Wiley, International Journal of Cancer, 9(149), p. 1659-1669, 2021
DOI: 10.1002/ijc.33725
Full text: Unavailable
AbstractDysregulation of tryptophan metabolism has been linked to colorectal tumorigenesis; however, epidemiological studies investigating tryptophan metabolites in relation to colorectal cancer risk are limited. We studied associations of plasma tryptophan, serotonin and kynurenine with colon cancer risk in two studies with cancer patients and controls, and in one prospective cohort: ColoCare Study (110 patients/153 controls), the Colorectal Cancer Study of Austria (CORSA; 46 patients/390 controls) and the European Prospective Investigation into Cancer and Nutrition (EPIC; 456 matched case‐control pairs).
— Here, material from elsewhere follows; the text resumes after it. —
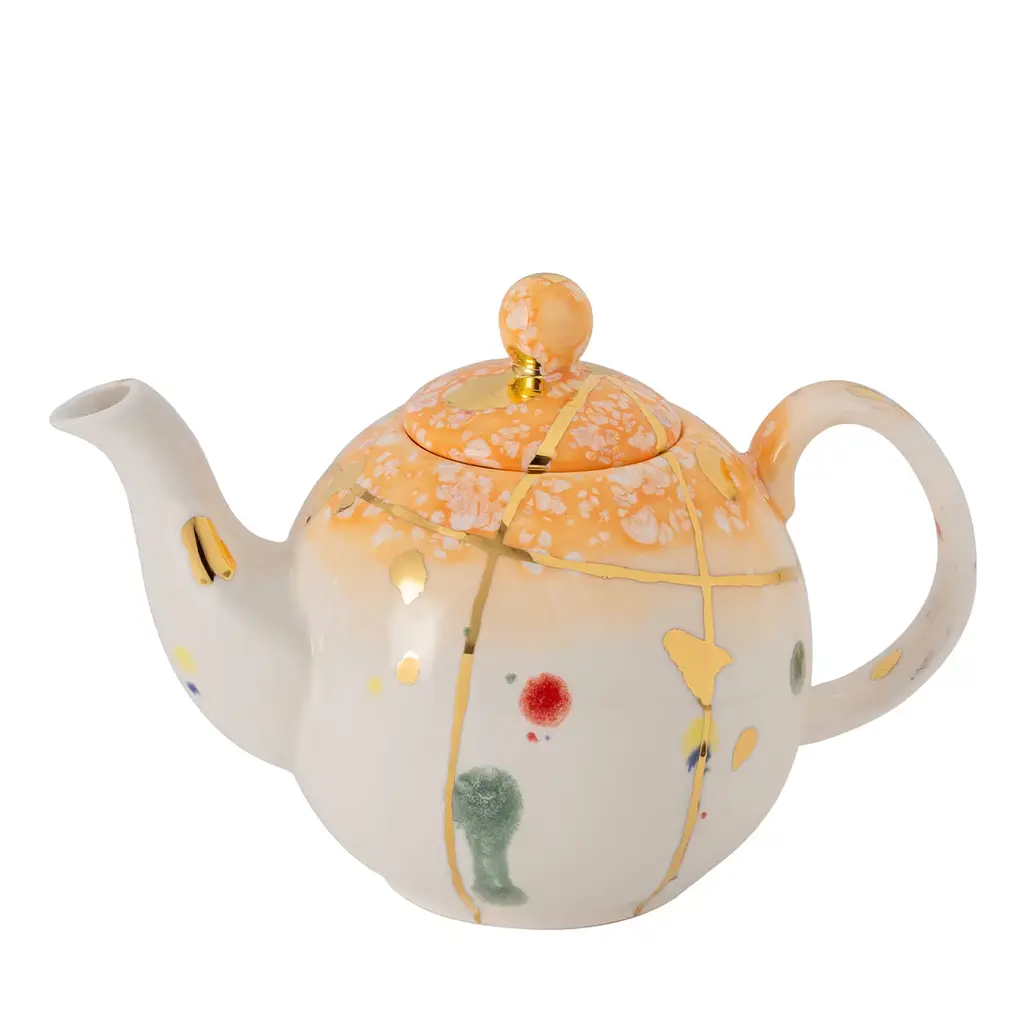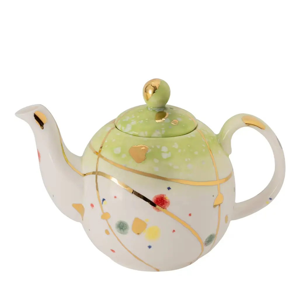 Luxurious and cheerful, the Florida collection was launched in 2023. It is inspired by the American state famous for its strong character and colorful heritage. Each line is characterized by a color. They are inspired by some of the most famous places in Florida, recalling its beaches and its sunsets, stretching between the Gulf of Mexico and the Atlantic Ocean.Palm Beach pink, Miami orange, Amelia green, Naples yellow, Crystal tourqoise, Islamorada lavender.Each plate is decorated with a lightly colored center interspersed with multicolor dots. The rim is richly decorated golden leafs. The charger, tea and coffee cups have are decorated with a golden net- The dessert plates and teapots have a distinct design characterized by golden rays crisscrossing their surface.

Logistic regression was used to estimate odds ratios (ORs) and 95% confidence intervals (CIs) for colon cancer risk. Tryptophan was inversely associated with colon cancer risk in ColoCare (OR per 1‐SD = 0.44; 95% CI, 0.31‐0.64) and EPIC (OR per 1‐SD = 0.86; 95% CI, 0.74‐0.99). Comparing detectable vs nondetectable levels, serotonin was positively associated with colon cancer in CORSA (OR = 6.39; 95% CI, 3.61‐11.3) and EPIC (OR = 2.03; 95% CI, 1.20‐3.40). Kynurenine was inversely associated with colon cancer in ColoCare (OR per 1‐SD = 0.74; 95% CI, 0.55‐0.98), positively associated in CORSA (OR per 1‐SD = 1.79; 95% CI, 1.27‐2.52), while no association was observed in EPIC. The kynurenine‐to‐tryptophan ratio was positively associated with colon cancer in ColoCare (OR per 1‐SD = 1.38; 95% CI, 1.03‐1.84) and CORSA (OR per 1‐SD = 1.44; 95% CI, 1.06‐1.96), but not in EPIC. These results suggest that higher plasma tryptophan may be associated with lower colon cancer risk, while increased serotonin may be associated with a higher risk of colon cancer. The kynurenine‐to‐tryptophan ratio may also reflect altered tryptophan catabolism during colon cancer development.